М-р Кенинсби чуть не сказал «Боже Милостивый», но совершенно с другой интонацией. Выждав пару минут, он продолжал:
— Знаешь, Генри предложил отвезти нас на своей машине.
— Ну что же, очень мило с его стороны, — отозвалась Сибил и дала вовлечь себя в разговор о том, что необходимо взять с собой в поездку.
В конце разговора брат неожиданно произнес:
— Да, кстати, отбери из коллекции карт самые интересные. Захватим их с собой, и каталог заодно. Особенно — ту колоду, которую мы как-то вечером смотрели. Нэнси просила. У этого старика, кажется, есть нечто похожее, они с Генри хотят сравнить. Обычные цыганские штучки! Но раз им нравится… Он обещал показать ей какие-то фокусы.

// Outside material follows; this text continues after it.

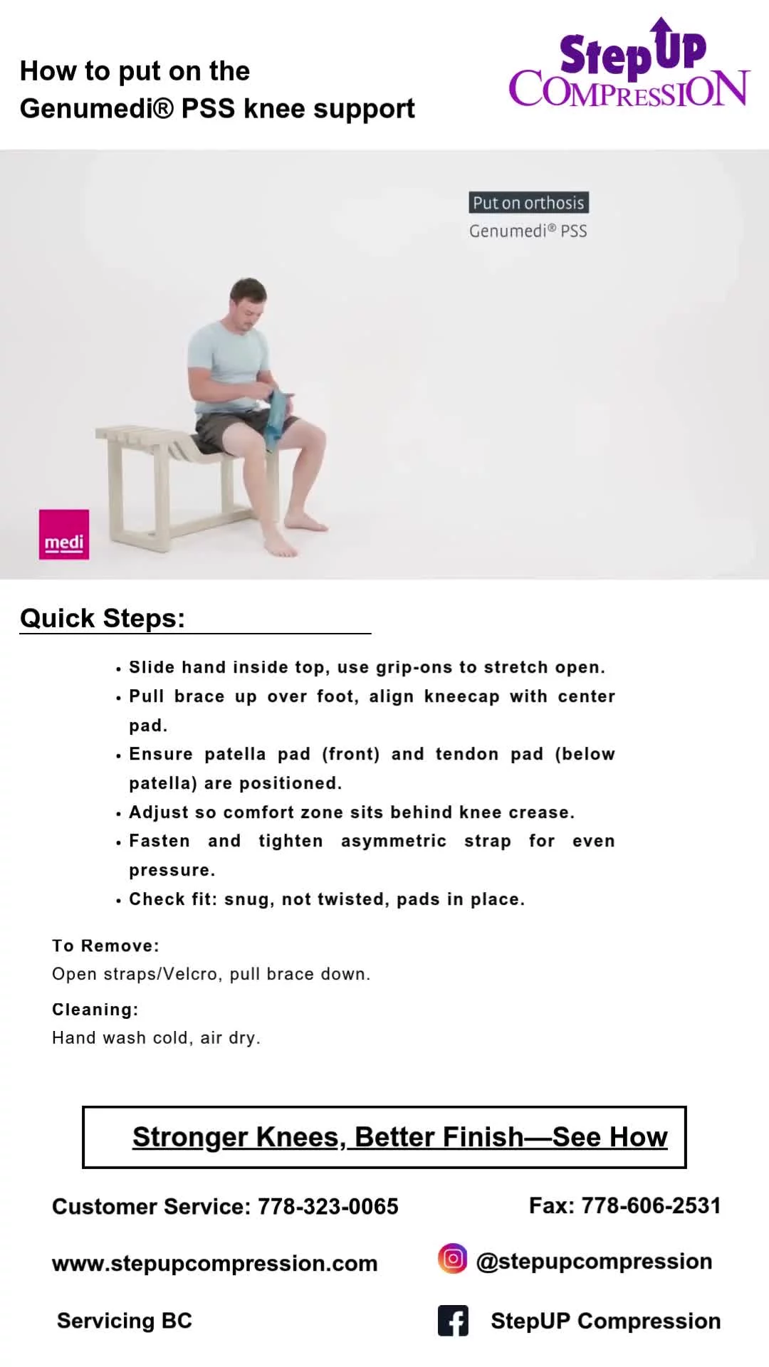 Learn how to put on the Genumedi® PSS knee support with StepUP Compression’s expert step-by-step guide. Our instructions ensure a secure and comfortable fit, so you can make the most of your Genumedi® PSS knee brace. StepUP Compression specializes in premium orthopedic supports and pain relief solutions—follow our tips to improve knee stability, reduce discomfort, and stay active. Trust StepUP Compression for reliable advice on knee health, injury recovery, and getting the best performance from your medical supports.

— Хочется верить, — заметила Сибил, — что она не станет демонстрировать их нам, пока не потренируется. Не то, чтобы я не люблю сюрпризы. Просто карточные фокусы и святость плохо совместимы.
— Святость! — насмешливо фыркнул м-р Кенинсби. — Это у Нэнси-то?

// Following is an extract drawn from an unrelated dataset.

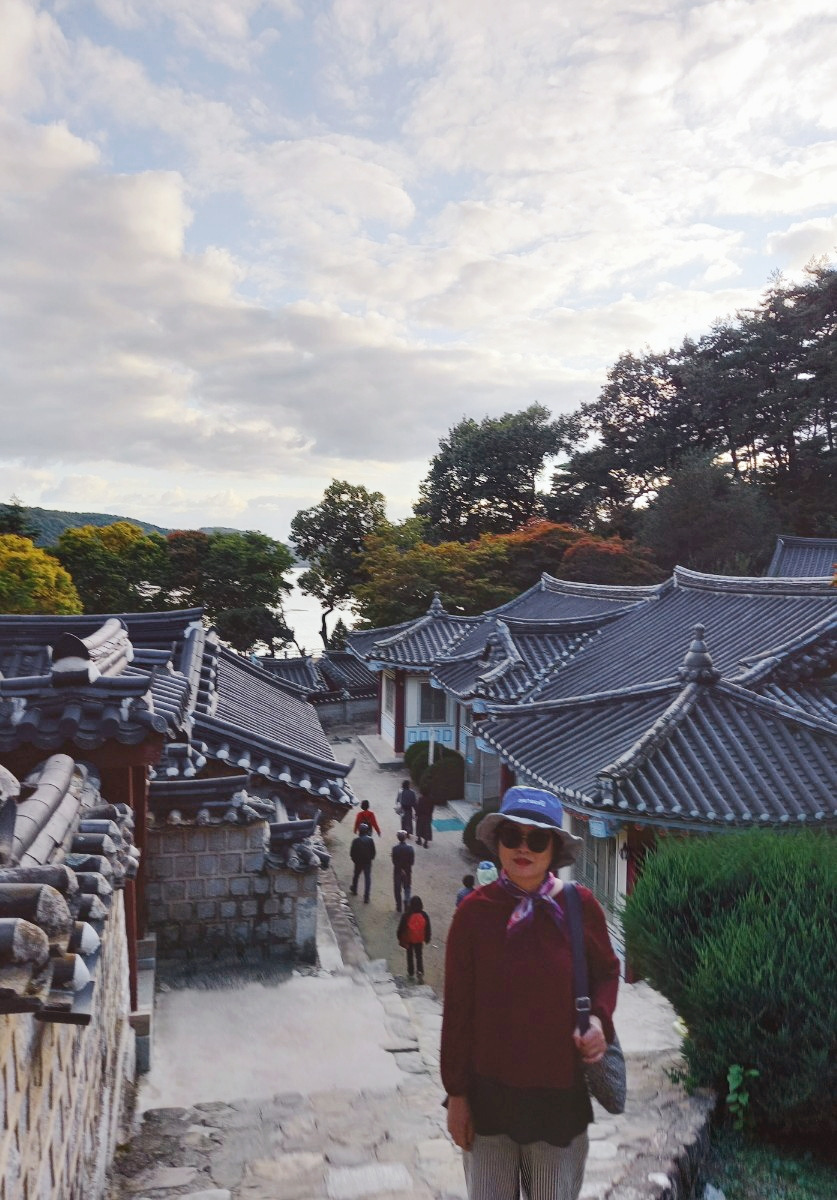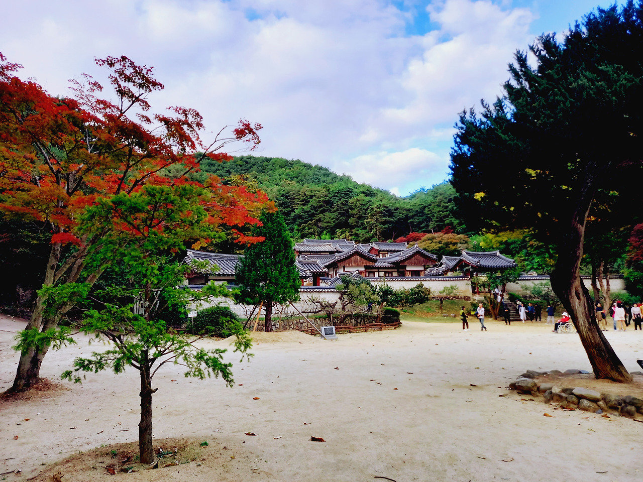 다산초당 내 나무들은 단풍이 들어 한옥 분위기와 잘 어우러진다. 출입문을 통과하면서 보는 한옥들의 기와와 돌길, 돌담, 낙동강의 어우러짐이 한 폭의 그림이라서 아무 데나 서서 담아도 퇴계 이황 선생이 살던 옛 시대로 돌아간 듯 멋스럽다.

— Дорогой мой, она влюблена, — серьезно напомнила сестра.
— Ну, и при чем здесь святость? — торжествующе вопросил м-р Кенинсби и сполна насладился молчанием Сибил. А что она могла объяснить человеку, который не видит очевидной связи между любовью и святостью?
Нэнси не рискнула бы назвать «фокусами» то, что пережила этим вечером, хотя неделю назад, заговорив о картах, Генри воспользовался именно этим словом. До Рождества оставалось дней десять. За те две недели, что прошли после знакомства с коллекцией м-ра Дункана, карты не раз возникали в разговорах молодых людей. Нэнси в полной мере было свойственно любопытство молодости. Таинственные намеки Генри уже всерьез заинтриговали ее. Для начала Нэнси сама еще раз рассмотрела карты и перечитала их описание в каталоге, затем прочла статью «Таро» в энциклопедии, но ясности это не прибавило.

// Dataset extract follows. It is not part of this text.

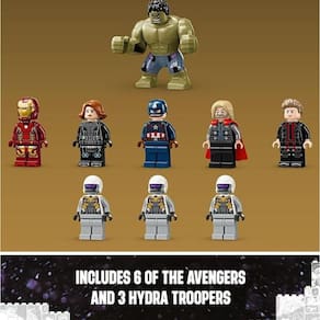 Heróis Marvel Vingadores Unidos: Era de Ultron Lego 76291 Conjunto dos Vingadores - Este brinquedo de Super-herói para construir recria a batalha épica de Vingadores: Era de Ultron da Marvel Studios com uma série de minifiguras LEGO Marvel e recursos autênticos Personagens colecionáveis dos Vingadores LEGO Marvel - Este brinquedo para construir inclui a Viúva Negra, o Capitão América, o Homem de Ferro, o Thor e 3 minifiguras de Soldados da Hidra, além de uma figura maior do Hulk Muitas maneiras de brincar - O conjunto é composto por 5 módulos, que podem ser configurados para infinitas possibilidades de brincadeiras ou combinados para criar uma exposição de Super-herói cativante Conjunto LEGO de aventuras para construir - Este modelo LEGO Marvel autenticamente detalhado inclui um veículo off-road montável, , acessórios e recursos divertidos para inspirar brincadeiras imaginativas Um presente dos Vingadores da Marvel para crianças - Presenteie fãs de Hulk, Thor, Viúva Negra, Capitão América e Gavião Arqueiro com este conjunto LEGO divertido repleto de minifiguras

Этим вечером, уютно устроившись перед камином, она ласково теребила пальцы Генри, но вдруг повернулась и взглянула молодому человеку прямо в глаза.
— Генри, милый, в чем там все-таки дело с этими картами? Ты так многозначительно говоришь о них…
— Ничего удивительного, — согласился Генри. — Это очень важно, а насколько — возможно, будет зависеть как раз от тебя.
— Генри! Ты смеешься надо мной, да? Перестань немедленно, иначе я обижусь!
— Я могу перестать, но тогда ты так и не узнаешь, что потеряла, — невозмутимо продолжал Генри.
Нэнси протянула к нему руки и трагическим голосом проговорила:
— О я несчастная! А если я сделаю вид, что и не хочу ничего знать, — как ты тогда будешь выглядеть? Нечестно пользоваться таким преимуществом.
— Если ты действительно не хочешь знать, — задумчиво проговорил он, — я наверняка не стану тебе ничего рассказывать. В этом-то все и дело. Ты действительно хочешь знать?
— Я открыла тебе сердце, а ты мне не веришь? возмутилась Нэнси. — Я уже час изнываю от любопытства, а тебе все мало? Или ты хочешь, чтобы я выпытывала у тебя это в постели? Между прочим, я этого терпеть не могу. Когда мы проходили в школе «Юлия Цезаря», там, помнится, была такая фраза:
«Портия — не жена Бруту, а шлюха». Эта Портия мерзкая маленькая тварь, она все из него вытягивала! Но я клянусь, что «вонжу нож себе в бедро», если ты мне не расскажешь, и умру, истекая кровью прямо на твои прекрасные брюки.
Генри так крепко взял ее за руку, что взгляд у нее немедленно посерьезнел.
— Если ты хочешь знать, — сказал он, — я расскажу тебе столько, сколько смогу. А остальное — там.
— Тебе виднее, — серьезно ответила она. — Если это не шутка, тогда испытай меня и можешь молчать, если я не справлюсь. Но почему-то, — она внезапно улыбнулась, — я думаю, что справлюсь.
— Тогда принеси карты Таро, если можно, — сказал Генри. — Только тихо. Я не хочу, чтобы остальные знали.
— Дома нет ни отца, ни Ральфа, — быстро ответила Нэнси, — сейчас принесу, — и выскочила из комнаты.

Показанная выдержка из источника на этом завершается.